**Assigned task**
Restate the following records word for word without images.

**Dataset extract**
↓

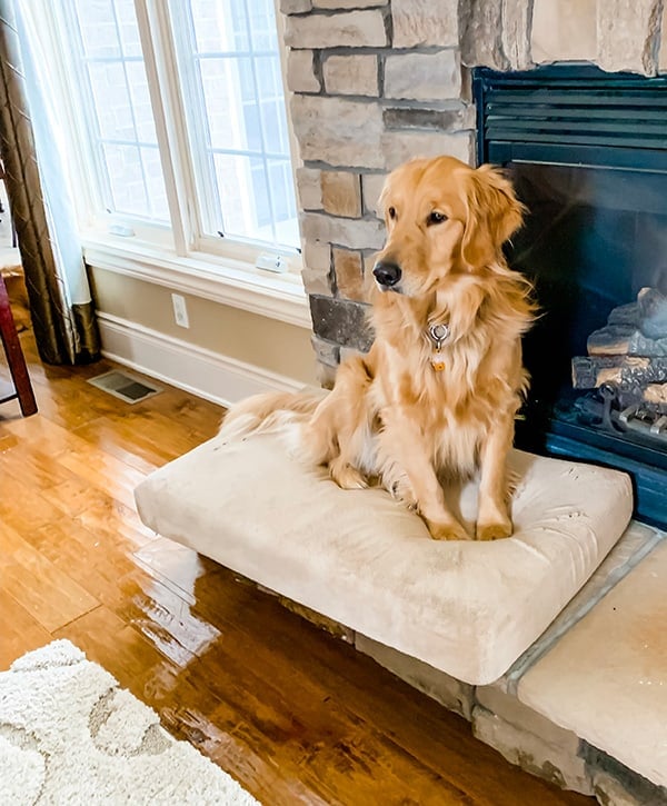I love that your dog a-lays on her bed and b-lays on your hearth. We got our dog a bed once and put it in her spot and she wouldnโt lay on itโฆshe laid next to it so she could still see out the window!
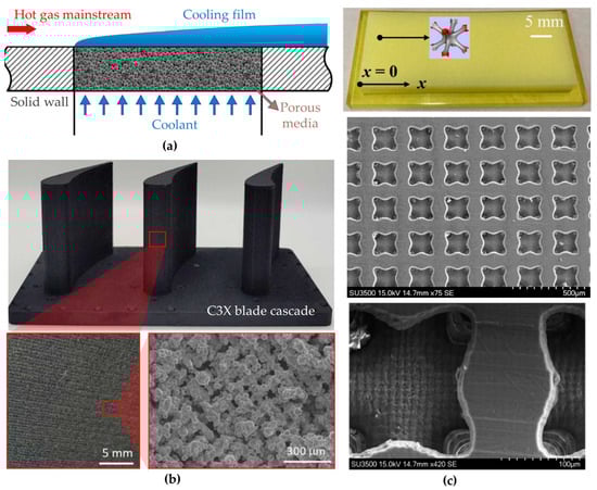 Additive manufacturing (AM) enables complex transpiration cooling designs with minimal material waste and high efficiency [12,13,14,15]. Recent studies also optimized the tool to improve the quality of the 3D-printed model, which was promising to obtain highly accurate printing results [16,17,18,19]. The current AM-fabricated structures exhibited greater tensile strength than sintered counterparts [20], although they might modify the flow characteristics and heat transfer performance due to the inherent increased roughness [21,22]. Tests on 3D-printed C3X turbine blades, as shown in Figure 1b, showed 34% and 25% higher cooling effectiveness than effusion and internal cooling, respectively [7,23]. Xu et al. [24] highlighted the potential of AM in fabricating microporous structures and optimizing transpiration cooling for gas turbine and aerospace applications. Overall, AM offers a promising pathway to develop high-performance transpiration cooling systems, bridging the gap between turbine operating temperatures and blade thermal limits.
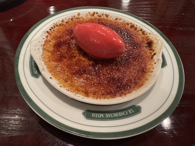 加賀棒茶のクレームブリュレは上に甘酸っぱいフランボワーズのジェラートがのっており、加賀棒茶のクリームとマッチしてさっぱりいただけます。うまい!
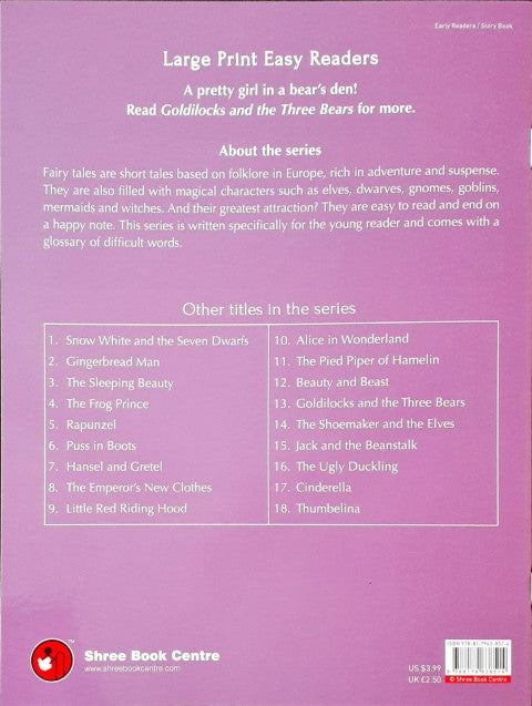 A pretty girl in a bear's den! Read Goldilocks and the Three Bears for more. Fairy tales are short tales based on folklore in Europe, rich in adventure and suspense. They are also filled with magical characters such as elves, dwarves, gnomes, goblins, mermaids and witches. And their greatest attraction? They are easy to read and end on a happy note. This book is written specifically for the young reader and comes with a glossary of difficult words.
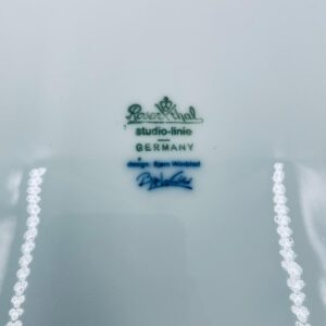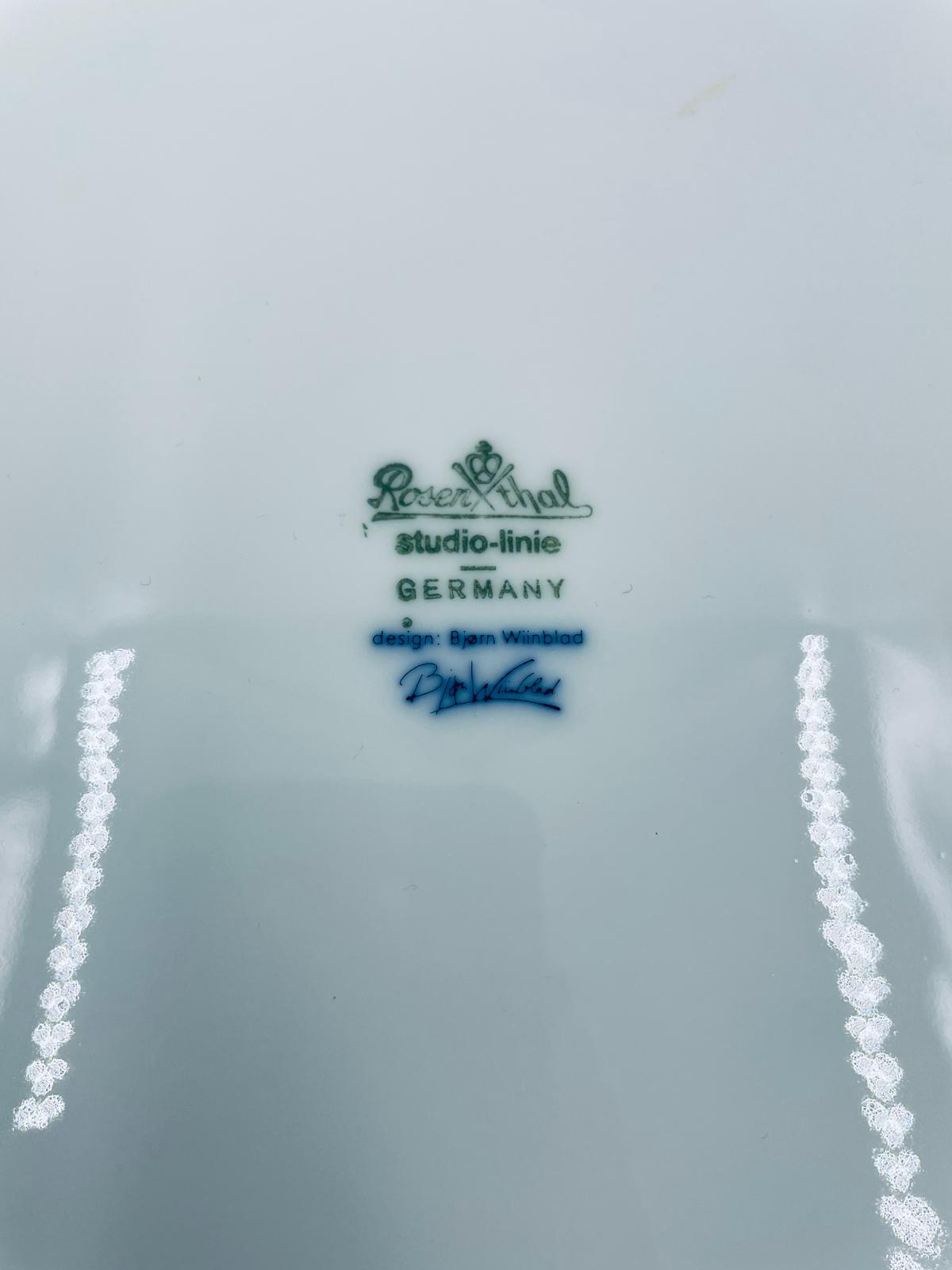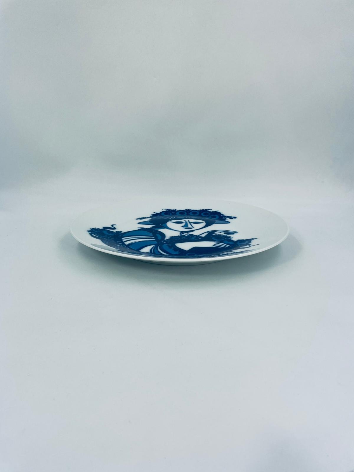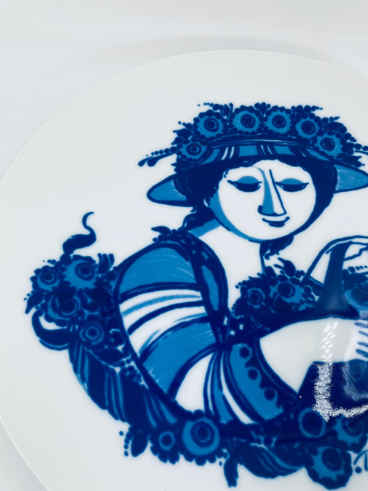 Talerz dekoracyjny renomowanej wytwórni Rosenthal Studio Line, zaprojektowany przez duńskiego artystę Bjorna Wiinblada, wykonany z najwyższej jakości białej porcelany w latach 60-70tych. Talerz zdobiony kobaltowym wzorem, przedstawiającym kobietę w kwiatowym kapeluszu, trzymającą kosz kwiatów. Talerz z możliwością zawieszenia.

↑

**Solution for this problem**
I love that your dog a-lays on her bed and b-lays on your hearth. We got our dog a bed once and put it in her spot and she wouldnโt lay on itโฆshe laid next to it so she could still see out the window!
 Additive manufacturing (AM) enables complex transpiration cooling designs with minimal material waste and high efficiency [12,13,14,15]. Recent studies also optimized the tool to improve the quality of the 3D-printed model, which was promising to obtain highly accurate printing results [16,17,18,19]. The current AM-fabricated structures exhibited greater tensile strength than sintered counterparts [20], although they might modify the flow characteristics and heat transfer performance due to the inherent increased roughness [21,22]. Tests on 3D-printed C3X turbine blades, as shown in Figure 1b, showed 34% and 25% higher cooling effectiveness than effusion and internal cooling, respectively [7,23]. Xu et al. [24] highlighted the potential of AM in fabricating microporous structures and optimizing transpiration cooling for gas turbine and aerospace applications. Overall, AM offers a promising pathway to develop high-performance transpiration cooling systems, bridging the gap between turbine operating temperatures and blade thermal limits.
 加賀棒茶のクレームブリュレは上に甘酸っぱいフランボワーズのジェラートがのっており、加賀棒茶のクリームとマッチしてさっぱりいただけます。うまい!
 A pretty girl in a bear's den! Read Goldilocks and the Three Bears for more. Fairy tales are short tales based on folklore in Europe, rich in adventure and suspense. They are also filled with magical characters such as elves, dwarves, gnomes, goblins, mermaids and witches. And their greatest attraction? They are easy to read and end on a happy note. This book is written specifically for the young reader and comes with a glossary of difficult words.
 Talerz dekoracyjny renomowanej wytwórni Rosenthal Studio Line, zaprojektowany przez duńskiego artystę Bjorna Wiinblada, wykonany z najwyższej jakości białej porcelany w latach 60-70tych. Talerz zdobiony kobaltowym wzorem, przedstawiającym kobietę w kwiatowym kapeluszu, trzymającą kosz kwiatów. Talerz z możliwością zawieszenia.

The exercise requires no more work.